Sometimes normative foresight is used to designate the elaboration of speculativeFootnote 3 images of the future which are the result of attempts to restore the importance of utopian thinking. They are inevitably ideologically charged, since they place a norm/value as a long-term goal and consider pathways to connect this ideal point in the future with the current state of affairs. Actually, these backcasting exercises are mental experiments, which employ quite different approach in comparison with traditional research methods. Of course, it has to be noted that essential normative foresight, as ‘in advance’ engagement with the future, is incomplete without the help of exploratory foresight methods.
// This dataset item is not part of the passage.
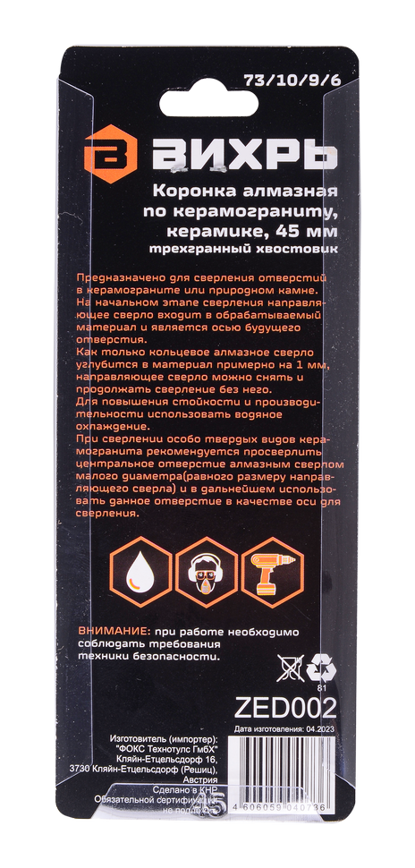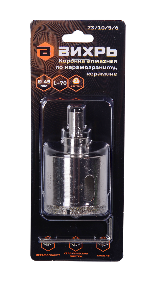 Коронка алмазная по керамограниту/керамике используется для резки отверстий диаметром 45 мм в керамических и керамогранитных плитах. Она имеет специальную конструкцию, которая позволяет ей легко прорезать материал без сколов и трещин. Может также использоваться для работы со стеклом.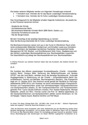 Die beiden weiteren Mitglieder werden von folgenden Verwaltungen entsandt: 1 Vertreterin bzw. Vertreter der für das Bauen zuständigen Senatsverwaltung 1 Vertreterin bzw. Vertreter der für Kultur zuständigen Senatsverwaltung Das Vorschlagsrecht für die Mitglieder erhalten folgende Institutionen, die jeweils bis zu drei Personen benennen können: - Akademie der Künste - Architektenkammer Berlin - Berufsverband Bildender Künstler Berlin (BBK Berlin, Gedok u.a.) - Deutscher Künstlerbund sowie der - Rat der Bürgermeister. Mit dem Vorschlag ist der jeweilige Spartenbezug zu nennen. Über die Berufung entscheidet die für Kultur zuständige Senatsverwaltung. Die Bezirkskommissionen setzen sich aus in der Kunst im öffentlichen Raum erfah- renen professionellen Bildenden Künstlerinnen und Künstlern sowie aus Vertreterin- nen und Vertretern der beteiligten bezirklichen Fachämter (Serviceeinheit Facility Management SE FM, Straßen- und Grünflächenamt SGA, Kultur, Stadtplanung) und den fachlich zuständigen Bezirksstadträtinnen bzw. Bezirksstadträten zusammen. Die Geschäftsführung obliegt den Bezirksstadträtinnen bzw. Bezirksstadträten. 8. Welche Personen aus welchem Gremium haben über das Kunstwerk „Die Goldene Stunde“ ent- schieden? Zu 8.: Der Auslober des offenen zweiphasigen Kunstwettbewerbs „Charité - Universitäts- medizin Berlin, Campus Mitte, Sanierung des Bettenhochhauses und Neubau OP/IST“ war das Land Berlin, vertreten durch die damalige Senatskanzlei - Kulturelle Angelegenheiten in Abstimmung mit der Charité – Universitätsmedizin Berlin Ge- schäftsbereich Technik und Betriebe, Baumanagement (Bauherr). Das Preisgericht tagte am 13. Oktober 2016. Das Gremium wurde gemäß der Richtlinie für Planungs- wettbewerbe (RPW 2013) vom Auslober mit sechs stimmberechtigten Fachpreisrich- terinnen und Fachpreisrichtern sowie fünf stimmberechtigten Sachpreisrichterinnen und Sachpreisrichtern besetzt. Zu den Fachpreisrichterinnen und Fachpreisrichtern gehörten Prof. Tyyne Claudia Pollmann (Vorsitz), Prof. Norbert Rademacher, Michael Sailstorfer, Juliane von Herz, Thomas Locher und Prof. Dr. Bettina Uppenkamp. Zu den Sachpreisrichterinnen und Sachpreisrichtern zählten Jochen Brinkmann, Dr. Da- vid Naegler, Tatjana Quack, Beatrice Günther und Rolf Meyer. Im ersten Teil dieser Anfrage-Serie (Drs. 18/13991) über „Kunst am Bau“ – Welche Folgenkosten haben sich ergeben?“ führte der Senat des Weiteren u.a. aus: „Über die Resonanz eines Kunstwerks oder eines Gedenkortes aus der Bevölkerung werden keine gezielten Befragungen durchgeführt, und es werden weder im öffentlichen Raum noch für Gebäude mit Kunst am Bau Besucherzahlen erfasst. Ein durchgängig geringes Ausmaß an gezieltem Vanda- lismus, Beschädigungen oder Zerstörungen von diesen öffentlich zugänglichen Kunstwerken ist je- Seite 5 von 6

They provide initial information about the context in which the planning effort is to take place. They are also indispensable in the process of goal-setting.
In the case of normative foresight, to strengthen the participatory side of the process means to ensure a deeper engagement with the future. Usually this is being done by allowing citizens, be they stakeholders, non-specialists, and concerned individuals, to impact the process. The idea to include the laymen’s perspective and to engage them in the subsequent implementation of plans, interestingly, coincides with the rise and increasing popularity of politico-philosophical theories of deliberative, participative and collaborative democracy. Those three versions of democracy are conceptualized as necessary in order to reinvent the relations between elites and citizens in response to the failures of contemporary representative democracy. Intentionally or not, the idea of foresight as a participatory process has been recently appearing in various official documents and reports to be pointed out as one of the means to ensure deeper citizen participation, thus strengthening democracy. There are actual attempts to involve the citizen in initiatives with regard to the future: municipal budget planning in Brazil , mass meetings to direct local investment in Salvador, urban management in the Philippines , etc.